“No political will” for JPL
In 2005 Colombia introduced the Justice and Peace Law (JPL) in an effort to combat the problem of paramilitary groups rampant in the country. The law offers fighters lenient penalties for human rights abuses in return for voluntary demobilisation. Michael Reed-Hurtado is Head of Office at the International Center for Transitional Justice in Colombia. He spoke to the IJT’s Frank Petit about how the law is working.
How many trials have taken place since the JPL was introduced?

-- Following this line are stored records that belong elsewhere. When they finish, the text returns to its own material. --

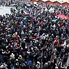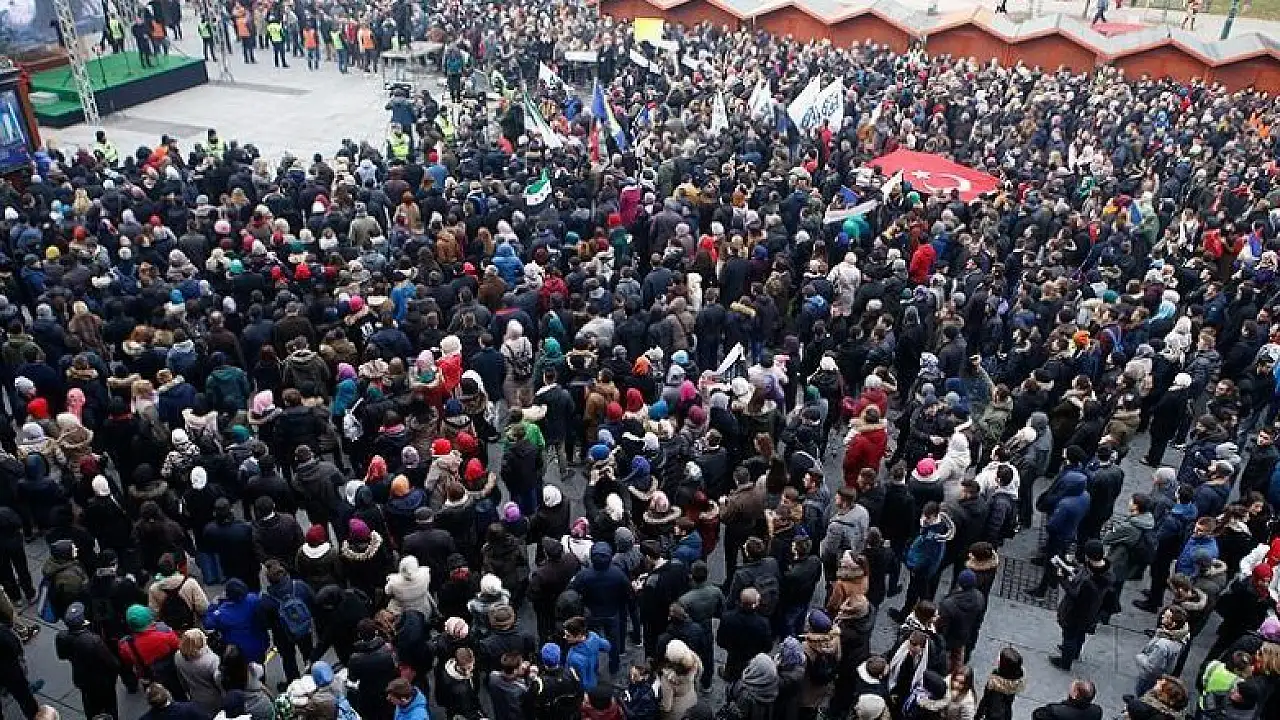 Bosna Hersek ve Türk bayraklarıyla mitinge katılan kalabalık grup, "Müslüman uyuma, kardeşine sahip çık" sloganları ve tekbirler eşliğinde Suriye halkına yardım çağrısında bulundu.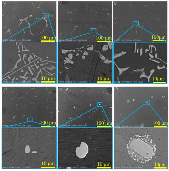 The microstructure evolution process of Al-5Zn-0.03In-1Er alloy at different UHTT temperatures is shown in Figure 6. Figure 6d–f are enlarged images of the blue box part of Figure 6a–c, respectively.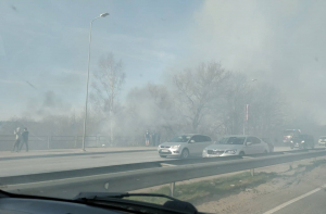 Между тем, как сообщил корреспондент Mixnews, крупное возгорание прошлогодней травы возникло также на выезде из Риги в районе Юглы.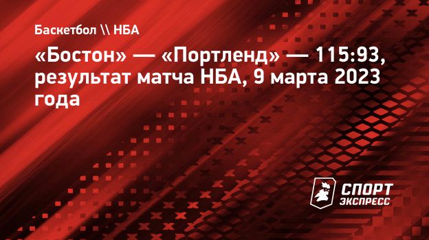 «Бостон» победил «Портленд» в матче регулярного чемпионата НБА против «Портленда» — 115:93. «Селтикс» прервали свою трехматчевую серию поражений.

Only one trial took place, and it was annulled! There are ongoing depositions by 650 of the demobilized paramilitary that have not ended in a successful way. The Supreme Court, in both annulling the first trial and responding to an interlocutory appeal on a secondary case, has told the office of the prosecutor that they need to have a coherent and consistent approach to their investigation task in the JPL process. But to date, the balance is extremely negative.
For what reasons?
Multiple issues. First, the executive power provided a list of names to the office of the prosecutor in a very disorderly fashion. Initially 2,065, currently 3,854. It is a real structural issue that there isn’t a strategic decision on who the prosecutor should or should not prosecute . Secondly, in practice there is a lot of improvisation, largely because all the institutions of the criminal justice system were not at all ready to assume the mass nature of the crimes that were perpetrated.